No — constipation alone is not a clinical reason to stop or reduce Zepbound without provider guidance. Per the Zepbound prescribing information, GI adverse reactions that are mild to moderate in severity and manageable with dietary and OTC interventions do not require treatment discontinuation. Stopping tirzepatide abruptly will not cause withdrawal effects, but it will interrupt your weight loss trajectory and, as SURMOUNT-4 (JAMA 2023) demonstrated, patients who discontinue tirzepatide regain the majority of their lost weight over the following months. Always discuss discontinuation or dose reduction with your prescriber before acting.
Can Zepbound cause both constipation and diarrhea?
Yes — both are listed in the Zepbound FDA prescribing information, Table 1 as adverse reactions, and they can occur in the same patient at different phases of treatment. Constipation is most prominent during the 5 mg window; diarrhea rates are higher at 10 mg and 15 mg. Some patients experience alternating constipation and loose stools as the gut adapts to each new dose level. One important clinical nuance: apparent diarrhea in a patient who has been constipated may represent overflow or paradoxical diarrhea, liquid stool passing around an impaction. If loose stools are accompanied by abdominal bloating and the sense that you haven’t fully evacuated, contact your provider before treating with antidiarrheal medications, as loperamide would worsen an underlying impaction.
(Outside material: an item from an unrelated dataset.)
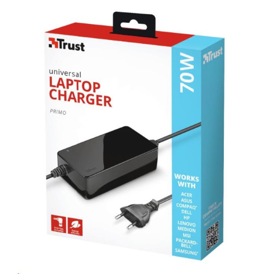 BAZAR - TRUST Univerzální napájecí adaptér pro notebooky Primo 70W-19V Laptop Charger - Poškozený obal (Komplet)

Does constipation mean Zepbound is working?
Constipation is not a marker of efficacy, it is a side effect of the drug’s GI mechanism, not of its weight-loss mechanism. Zepbound causes weight loss by suppressing appetite and reducing caloric intake through GIP and GLP-1 receptor activation, per the Zepbound prescribing information and as established in SURMOUNT-1 (Jastreboff et al., NEJM 2022). Patients who experience constipation are not losing weight faster or “responding better” than patients who don’t. Both the patients who get constipated and the patients who don’t can achieve equivalent weight loss results. Managing constipation well actually supports better outcomes by allowing you to maintain adequate nutrition and continue treatment without interruption.
This article is for educational purposes only and is not a substitute for professional medical advice, diagnosis, or treatment. WeightLossInjections.com’s medical team reviews content quarterly; last medical review: April 2026. Always consult your licensed healthcare provider before making any changes to your medication regimen.